Microbe-metabolite interactions of the human microbiome in association with IBD samples [29]. (a) Heatmap visualization of the inferred conditional probabilities for various bile acids given the presence of Klebsiella, Roseburia and Clostridium bolteae. (b) Heatmap visualization of the inferred conditional probabilities for the carnitines given the presence of Klebsiella, Roseburia, and Clostridium bolteae. (c) Multiomics biplot of the microbe-metabolite interactions learned from metagenomics profiles and C18 negative ion mode LC-MS. Microbes (arrows) and metabolites (spheres) are colored according to their differentials estimated from multinomial regression. Klebsiella spp. appears to be strongly associated with IBD, while Propionibacterium spp. has strong negative association. (d) Network of the top 300 edges where only the edges that contain Klebsiella and Propionibacteriaceae are visualized.

Therefore, it is possible that in case of Clostridia, the existing co-occurrences (Figure 6b) are due to actual biosynthesis of the metabolites by the microbial species indicated rather than ability to withstand them.

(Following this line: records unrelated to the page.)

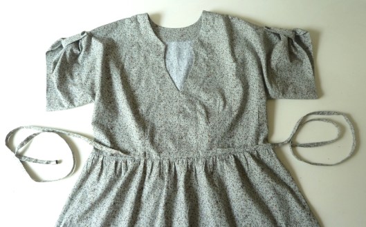 Pour cintrer cette tunique, il est prévu dans le patron, des liens que l’on vient nouer au dos.
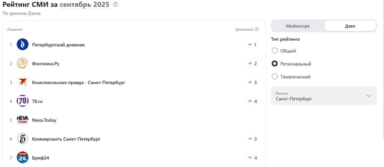 Ранее мы писали, что во II квартале 2025 года «Петербургский дневник» вошел в тройку лидеров рейтинга СМИ Петербурга и региона.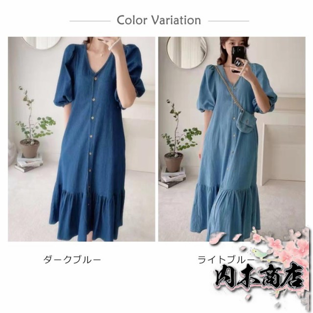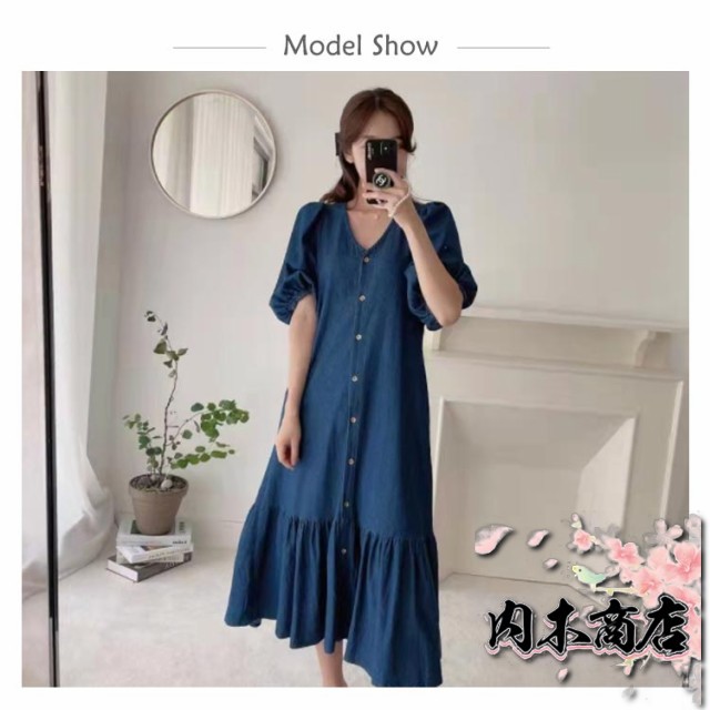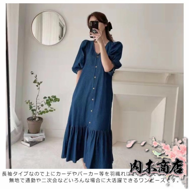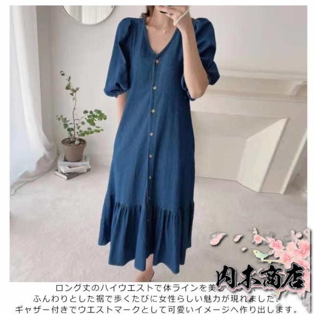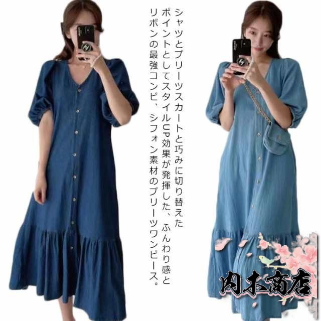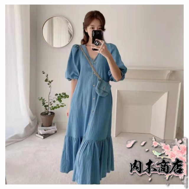 即納OK 売上急増中 レディース 通勤 カジュアル 春夏ワンピース きれいめ OL お出かけ デニムワンピース 膝丈ワンピース 半袖 パフスリーブ 薄手ワンピ Vネック シャツワンピース ワンピース 大人 マーメイドライン デニム 送料無料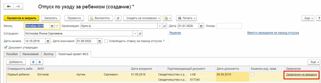 До полутора лет выплаты формируют через «Отпуск по уходу за ребенком». Если дата окончания пособия, превышает дату участия в проекте, появляется дополнительная вкладка «Пилотный проект ФСС». На вкладке прописываются данные ребенка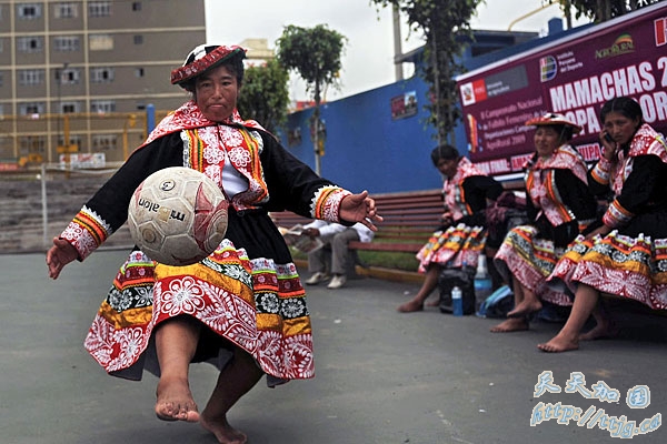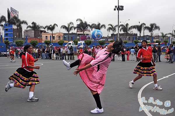 12月12日,秘鲁印第安妇女在利马国家体育场外举办了一场特别的足球赛,所有的球员均身着传统服饰光脚上阵妙趣横生。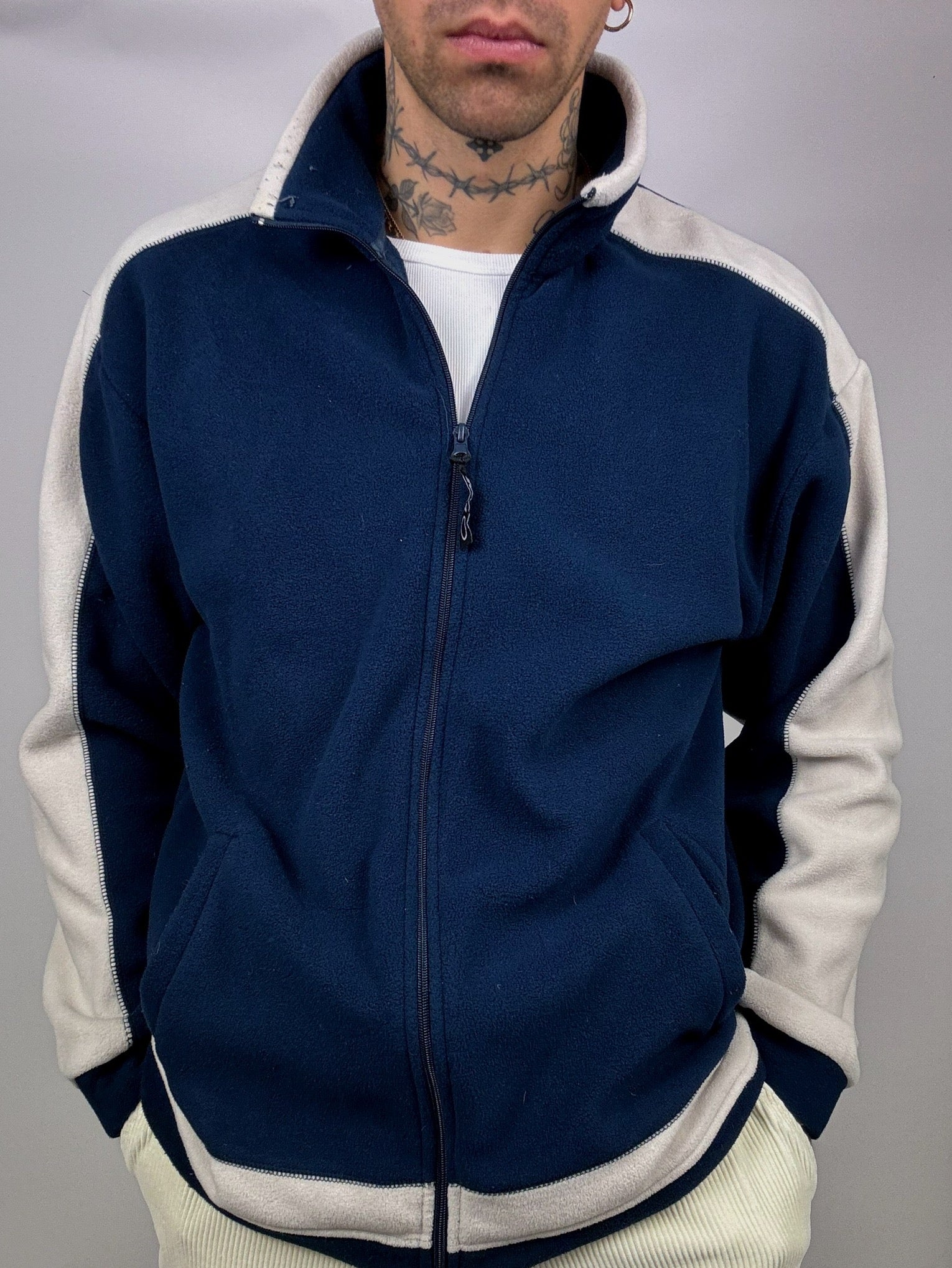 Veste polaire Marine et blanche L Vintage

In addition to recapitulating reported findings, mmvec also yielded previously undetected relationships. The major microbe that was found to be associated with healthy patients is Propionibacteriaceae, which was not detected in Price et al 2019 (Figure 6cd). This relationship is corroborated by other published studies. In one study, it has been shown that some members of the Propionibacterium genus produce 1.4-Dihydroxy-2-naphthoic acid (DHNA), a growth stimulator for bacteria such as Bifidobacterium that are thought to reduce the symptoms of IBD [43]. Also, in a survey of in vivo vs. in vitro bacterial activity, Probionibacterium freudenreichii was shown to play an immunomodulatory role in the context of an ulcerative colitis mice model [44]. In another study it was shown that Propionibacterium freudenreichii is a viable core component in an anti-inflammatory probiotic fermented dairy product [45]. The members of this family have been considered beneficial for intestinal immunoregulation; Propionibacteriaceae have been observed to be enriched in human breast milk and have been shown to restore Th17 differentiation [46]. Thus, it appears that the existing knowledge supports the statistically-inferred interaction uncovered by mmvec, but not identified in the published analysis of the dataset.

4. Conclusion

In both simulation benchmarks and annotated dataset, mmvec shows promise for inferring microbe-metabolite interactions from multiomics datasets. Our benchmarks suggest that mmvec outperforms all existing tools that aim to infer interactions between paired microbe-metabolite abundance datasets, both in simulations and in experimental data. In the biocrust wetting experiment, mmvec resolved conflicting findings between the in vitro validated M. vaginatus released metabolites and the sequencing/mass spectrometry analysis of environmental samples. In the cystic fibrosis study, mmvec can reliably identify all of the experimentally determined P. aeroginosa-produced molecules of interest. We show in the example of bile acid production that mmvec enables exploratory analysis in complex biological systems and streamlined discovery of the microbial origin of specific metabolites. Finally, mmvec was able to identify the strongest microbial contributions to the metabolite abundances in the IBD study, where one of those microbes was missed in the original study.

In light of these findings, the current methodology still has limitations. It remains unclear how to access statistical significance of an interaction using co-occurrence probabilities. Similarly, confidence intervals for the strength of each microbe-metabolite interaction can not yet be calculated. Furthermore, more theoretical work will be required to handle continuous-valued inputs.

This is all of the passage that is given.